◆ **RECORDS FOR THIS TASK**
_____
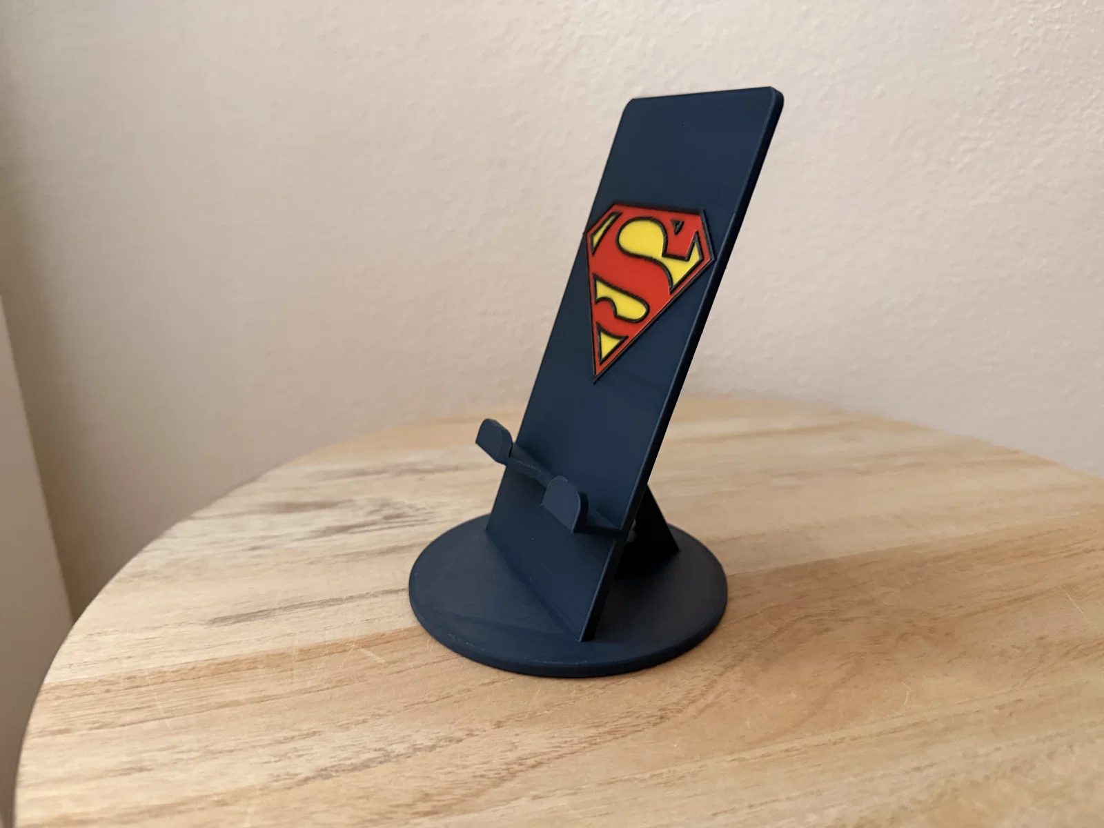 Mẫu đế giữ điện thoại chủ đề Superman cực chất. Sản phẩm được in với 4 màu bằng nhựa PLA trên máy Bambulab, hỗ trợ cắm sạc tiện lợi. Tải ngay để trải nghiệm!
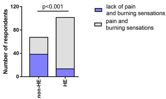 86.27% of the subjects from the HE-study group (n = 88/102) reported pain and burning sensations after using disinfectants, while in the non-HE group, it was reported by 42.65% (n = 29/68) (Figure 9).
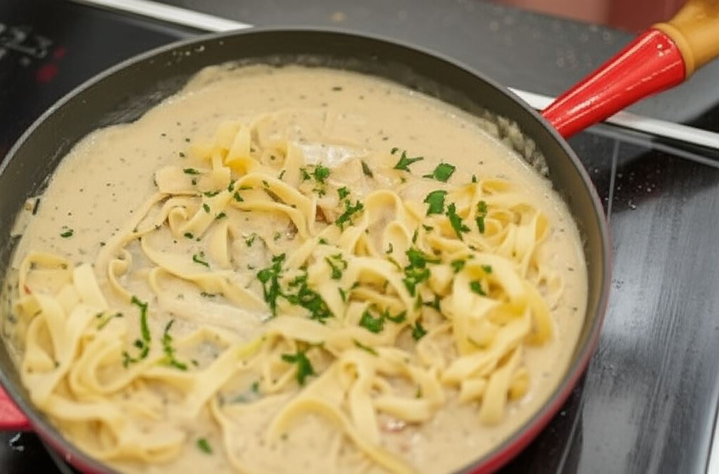 Tagliatelle z kurczakiem Knorr wymieszaj ze śmietaną, wlej na patelnię i doprowadź do wrzenia. Zredukuj ogień, wsyp pokruszony ser i gotuj przez kolejne 2 minuty.
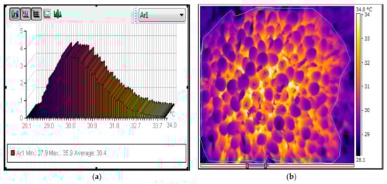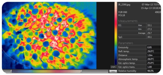 The ThermCAM Researcher Pro software proposed for thermographic processing allows the user to choose any ROI irrespective of its geometric shape. This software has a segmentation algorithm that is based on the thresholding segmentation method. The given method is the most accurate and precise algorithm for this purpose. The segmentation algorithm tends to optimize the selected region via the removal of those areas that do not have relevant statistical data. As a result, the temperature of the ROI was considered (Figure 6).
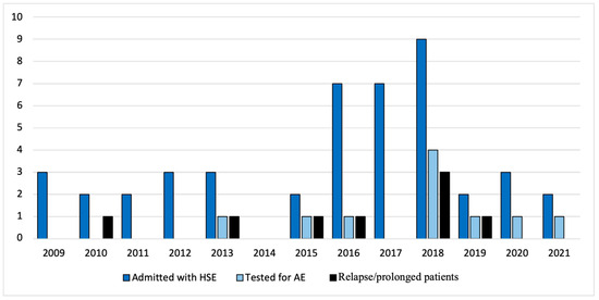 An overview of patients with HSE, how many had a relapsing/prolonged disease course, and the frequency of AE autoantibody testing performed each year from 2009 to 2021 can be seen in Figure 4.
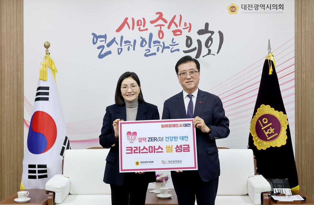 [충청뉴스큐] 대전시의회 조원휘 의장은 17일 시의회 접견실에서 크리스마스 씰 증정식을 갖고 결핵 예방과 감염병 대응을 위한 지역사회 지원 의지를 밝혔다.
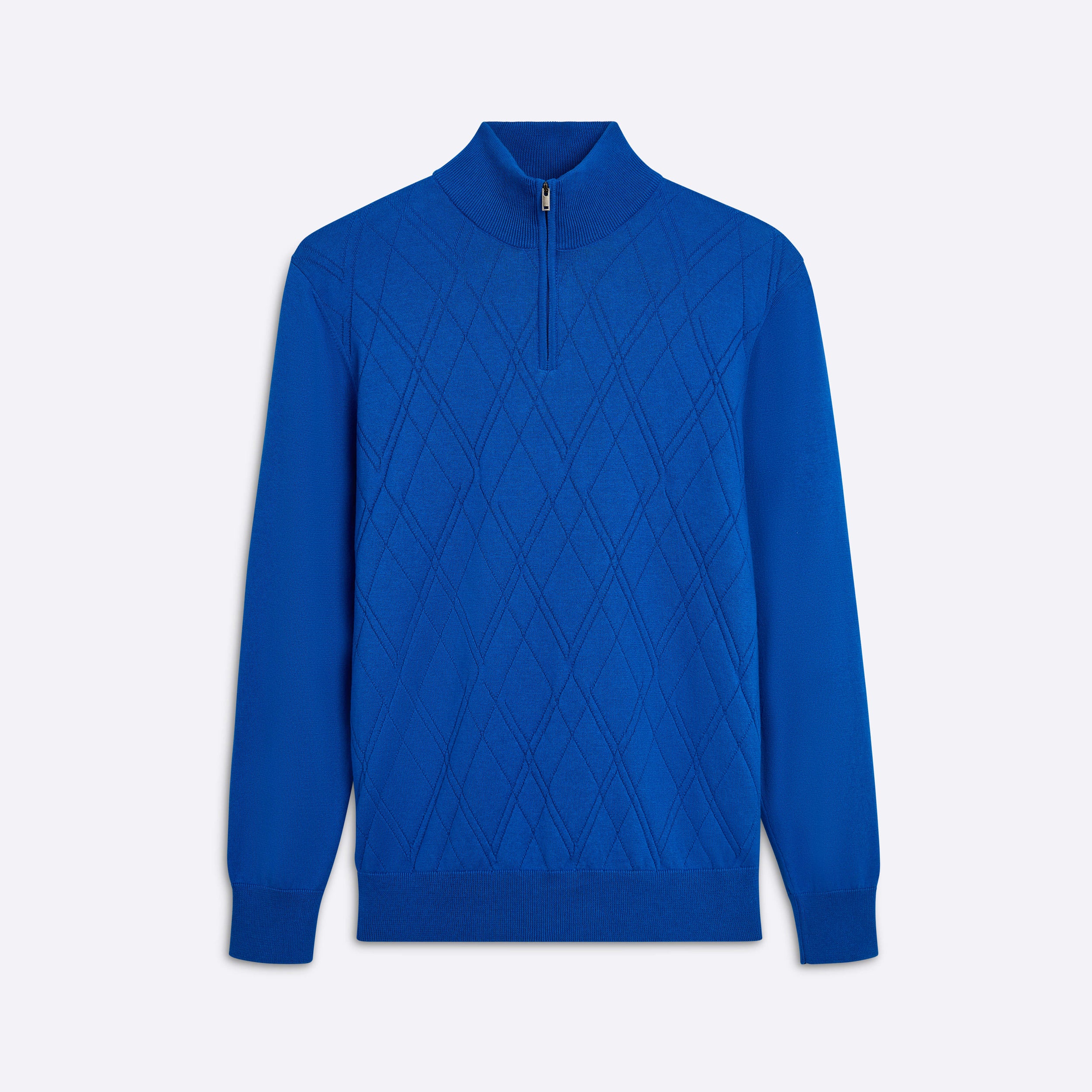 Diamond Check long sleeve quarter zip mock neck sweater in 100% cotton with solid sleeves and back and rib knit collar, cuffs and waistband. Made in Italy. Made in Italy.
_____
◆ **TASK PROMPT**
Quote every record above exactly, leaving out any pictures.

◆ **RESPONSE TO THE EXERCISE**
 Mẫu đế giữ điện thoại chủ đề Superman cực chất. Sản phẩm được in với 4 màu bằng nhựa PLA trên máy Bambulab, hỗ trợ cắm sạc tiện lợi. Tải ngay để trải nghiệm!
 86.27% of the subjects from the HE-study group (n = 88/102) reported pain and burning sensations after using disinfectants, while in the non-HE group, it was reported by 42.65% (n = 29/68) (Figure 9).
 Tagliatelle z kurczakiem Knorr wymieszaj ze śmietaną, wlej na patelnię i doprowadź do wrzenia. Zredukuj ogień, wsyp pokruszony ser i gotuj przez kolejne 2 minuty.
 The ThermCAM Researcher Pro software proposed for thermographic processing allows the user to choose any ROI irrespective of its geometric shape. This software has a segmentation algorithm that is based on the thresholding segmentation method. The given method is the most accurate and precise algorithm for this purpose. The segmentation algorithm tends to optimize the selected region via the removal of those areas that do not have relevant statistical data. As a result, the temperature of the ROI was considered (Figure 6).
 An overview of patients with HSE, how many had a relapsing/prolonged disease course, and the frequency of AE autoantibody testing performed each year from 2009 to 2021 can be seen in Figure 4.
 [충청뉴스큐] 대전시의회 조원휘 의장은 17일 시의회 접견실에서 크리스마스 씰 증정식을 갖고 결핵 예방과 감염병 대응을 위한 지역사회 지원 의지를 밝혔다.
 Diamond Check long sleeve quarter zip mock neck sweater in 100% cotton with solid sleeves and back and rib knit collar, cuffs and waistband. Made in Italy. Made in Italy.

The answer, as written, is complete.